I stood in front of the bathroom mirror this morning deciding whether or not to cut my hair. This wasn’t a “gee, I’m tired of the way it looks” or “I want to have a haircut like so-and-so does” kind of debate. It was more of a declaration-kind of decision. I had measured it, even had the scissors on the length I was going to cut off, but after more thinking, I put the scissors down and decided to wait. A little bit longer. A few more days. Until I knew the real reason why I wanted to cut my hair.
This whole adventure thing I’ve been on these past six months has been like one big archeological dig in my soul. I have recognized patterns of behavior that I never thought about before and made a point to ruminate on them until I could dig down to the very essence of me.
My husband, ever the observer, has commented often that he recognized these same patterns in me.
The recent discovery of “self” if you will, is that whenever I feel restless or frustrated or even disappointed, I cut my hair.
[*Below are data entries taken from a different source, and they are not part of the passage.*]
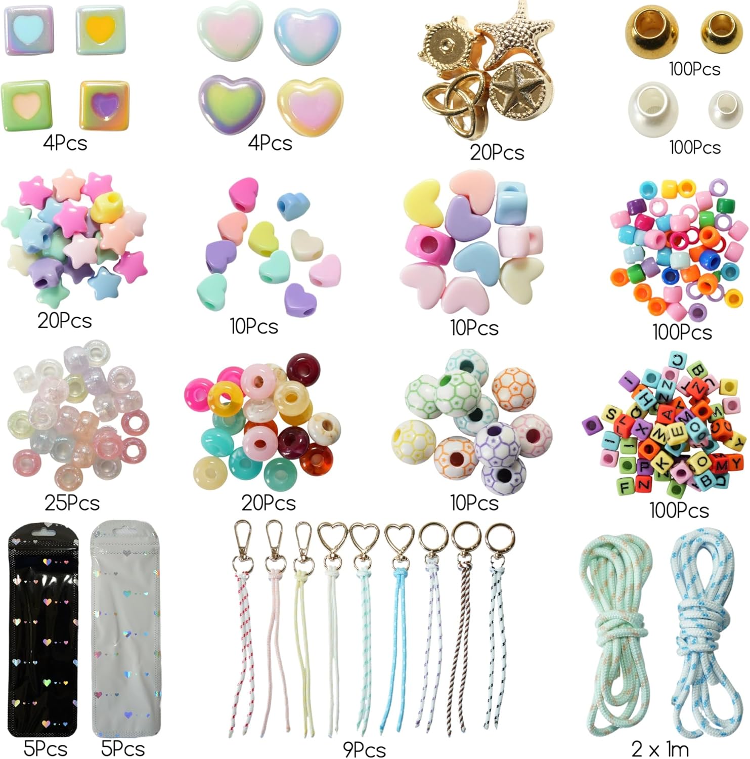 | Included Components | Vibrant acrylic beads (heart, star, letter beads, etc.), nine colors of cords, spare strings, metal clasps, compartmentalized plastic case |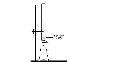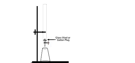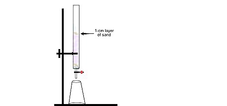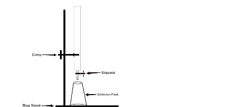 Assemble the column apparatus. Using a ring stand and an appropriate clamp, position the column so that the tip of the column is several inches above the base of the stand. The space between the base of the stand and tip of the column should be large enough that the collection flask can be easily positioned to collect the column’s output, but small enough so that the liquid output does not splash when it lands in the flask.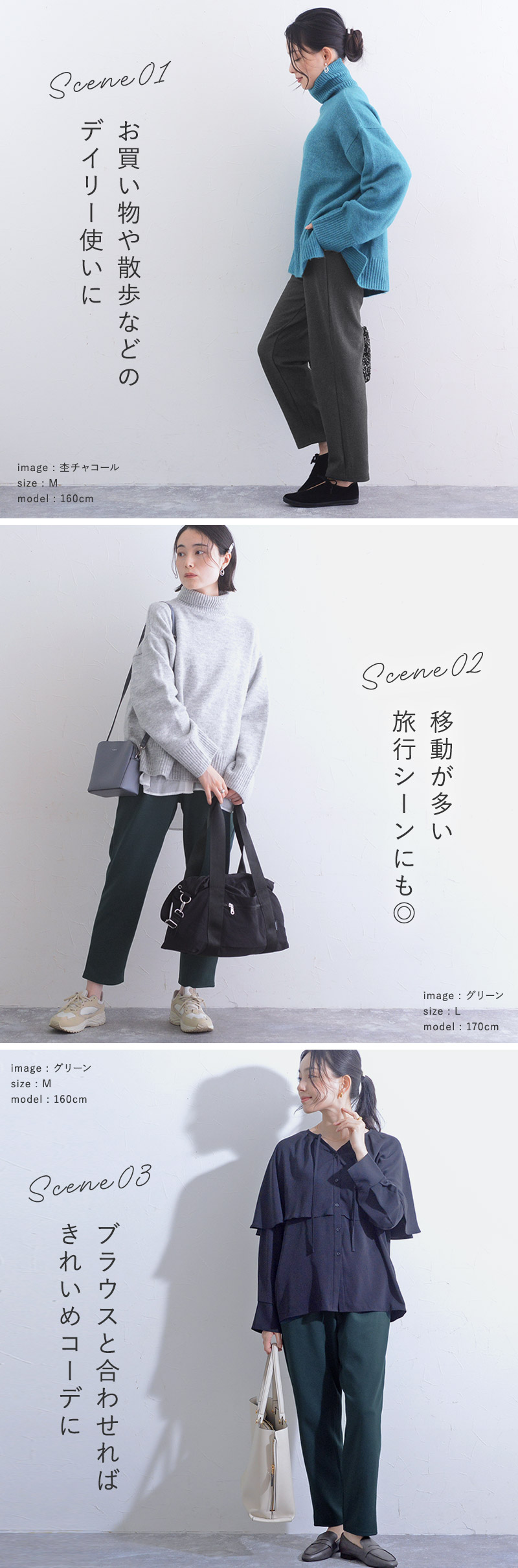 様々なシーンやテイストにもはまる、名バランサー。ワンマイルのお出かけにも、旅行にも、背筋が伸びる1日にも選びたくなるパンツです。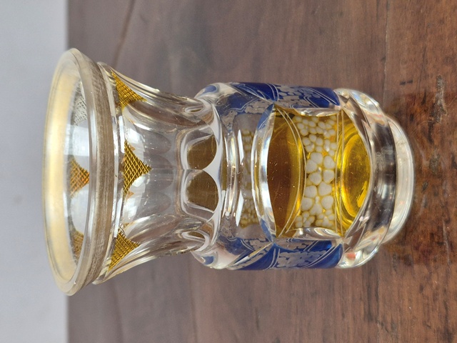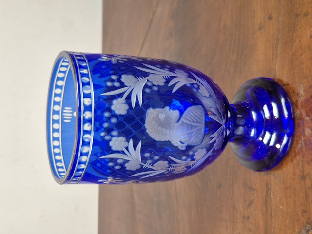 ANTICO PICCOLO CALICE DI BOEMIA disponibile PICCOLO CALICE IN CRISTALLO DI BOEMIA CON RISERVE NEI COLORI DEL BLU E DELL'AMBRA,LAVORATO A MOTIVI FLOREALI. ALTEZZA:10 CM IN OTTIME CONDIZIONI.

Not in a salon, with a professional who has been trained, but by myself, in the bathroom, welding my scissors like a soldier does his sword, slaying whatever imaginary thing I am facing.
Afterwards I may feel regret, relief, even a sense of freedom. But now, I want to understand the why before I take my scissors in my hands.
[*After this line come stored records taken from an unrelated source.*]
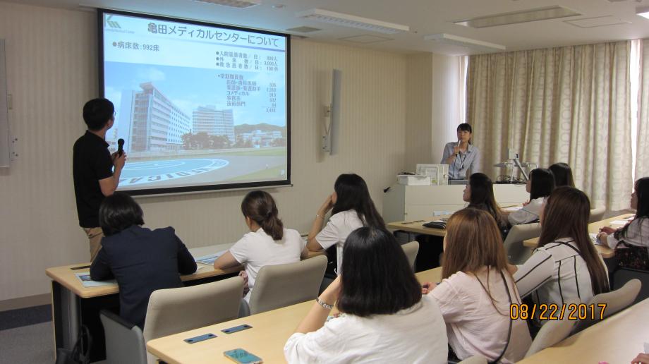 본격적으로 일본에서의 교류가 시작된 첫날에는 조사이 국제대학교 아와캠퍼스에서 실습 브리핑하는 시간을 가지고 카메다 병원으로 이동해서 병원을 체험하는 시간을 가졌습니다. |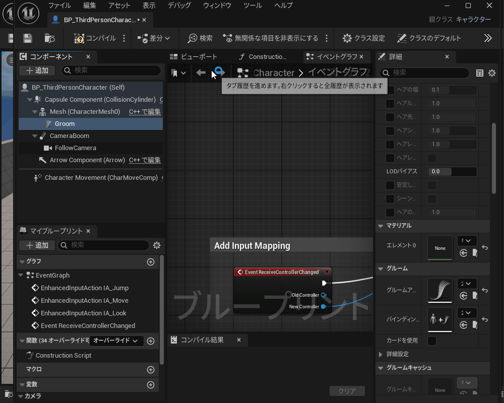 作成したグルームとバインディングを、サードパーソンのブループリントに紐づけます。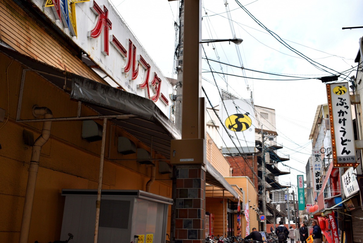 パチンコ屋さんの看板さえレトロな魅力の路地には倉敷名物がいっぱい!旅行誌常連の自家製ほうじ茶の店「つねき茶舗」にぶっかけうどん発祥の地とも言われる「ぶっかけうどんふるいち」、そして下津井タコ入りのたこ焼が味わえる「ありがとう」などが軒を連ねる駅近の小路です。

Living in an apartment again with few distractions has given me time to reflect, ponder, study, and honestly– sometimes ignore, the very things I think God is trying to get me to see about myself.
That’s why I think this journey has been so full of the switchbacks I mentioned the other day. I cannot take on the next steps until I understand the steps I have taken. Understand why I am wired the way I am and even rewire the places that need rewiring.
There is some old proverb that says, When the student is ready the teacher will come. In my case, I am preparing myself for the next season God has in store for me, but it will be hard to reach out with ready hands to receive, if my hands are still full of all of the junk and stuff from before.
So here I will sit, or stand, or kneel, hunched over books, studying, sitting back and listening, whatever God is calling me to do, so that when it is my turn to move to the next thing. I am ready. Whether it’s to cut my hair or move, or remain, my desire is to do it because it’s part of God’s plan, not my willfulness.